» Exercise prompt
Beginning with the line that contains "中國建筑防水協會兩位副會長瞿", restate each line below through the final one exactly, and exclude the pictures.

» Data extract
──────────
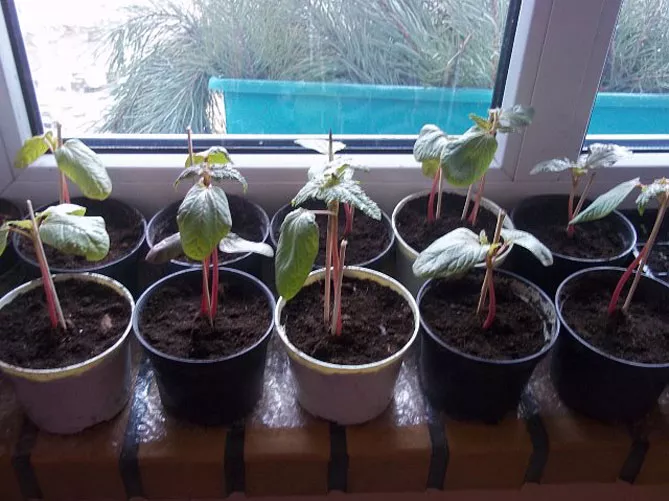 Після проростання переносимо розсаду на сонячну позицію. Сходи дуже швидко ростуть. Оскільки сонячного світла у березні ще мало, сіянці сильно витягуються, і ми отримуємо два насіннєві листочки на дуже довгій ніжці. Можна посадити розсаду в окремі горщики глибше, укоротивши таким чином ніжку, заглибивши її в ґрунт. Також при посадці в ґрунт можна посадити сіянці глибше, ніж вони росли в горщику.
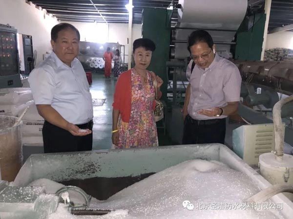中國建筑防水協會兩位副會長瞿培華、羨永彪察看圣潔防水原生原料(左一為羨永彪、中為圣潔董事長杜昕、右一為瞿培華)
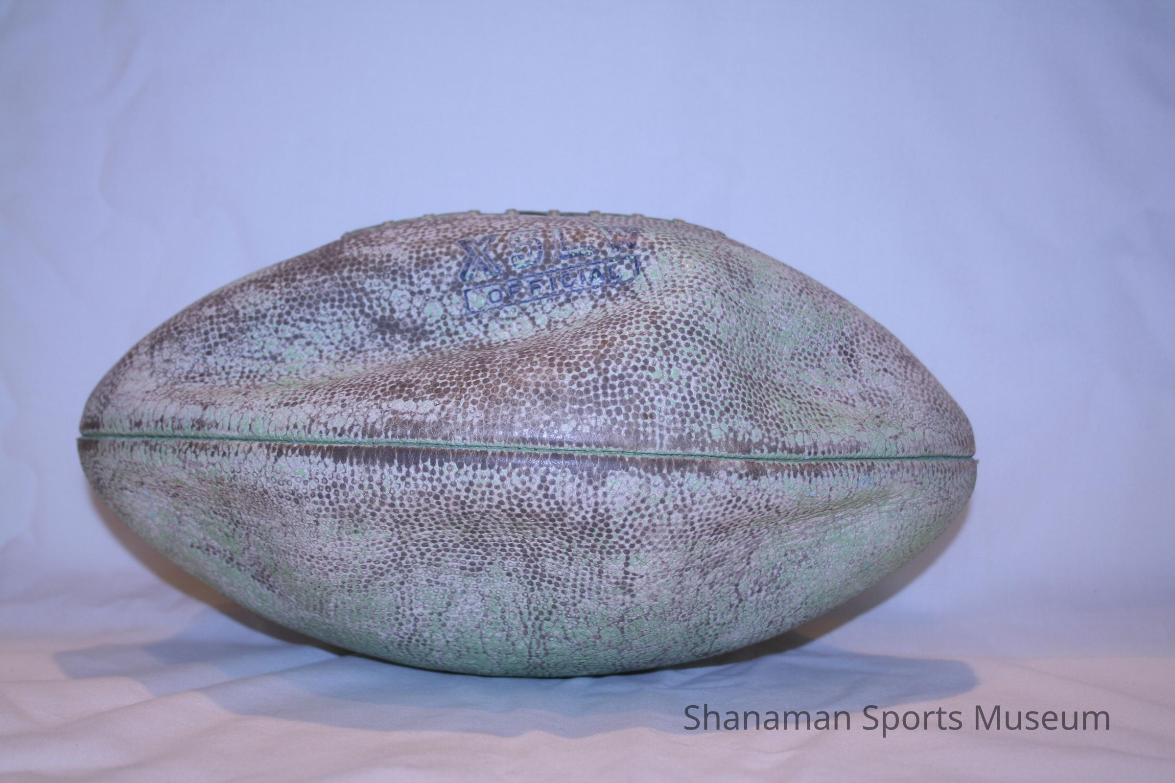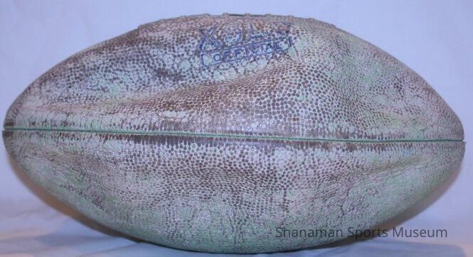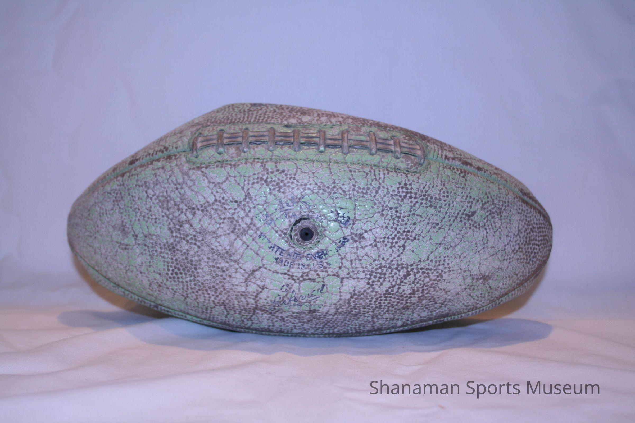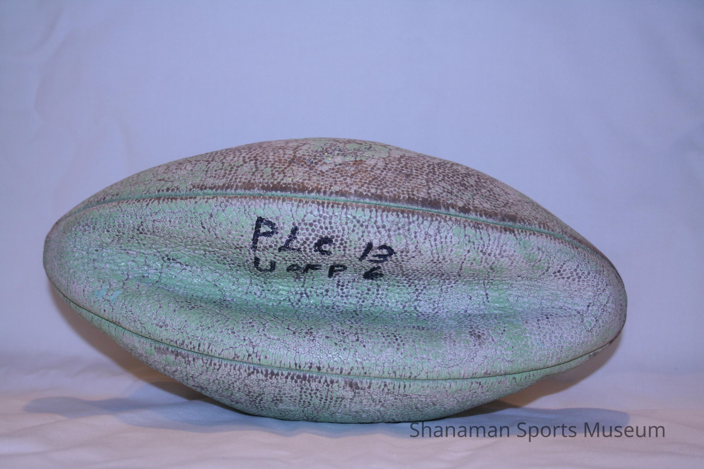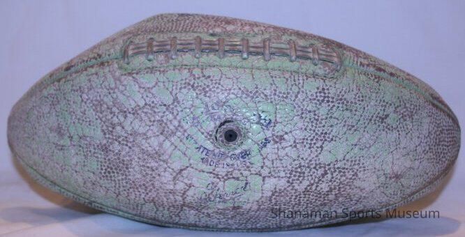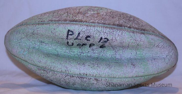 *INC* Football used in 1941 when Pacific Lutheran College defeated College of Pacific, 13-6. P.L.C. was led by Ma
──────────
» Response box
中國建筑防水協會兩位副會長瞿培華、羨永彪察看圣潔防水原生原料(左一為羨永彪、中為圣潔董事長杜昕、右一為瞿培華)
 *INC* Football used in 1941 when Pacific Lutheran College defeated College of Pacific, 13-6. P.L.C. was led by Ma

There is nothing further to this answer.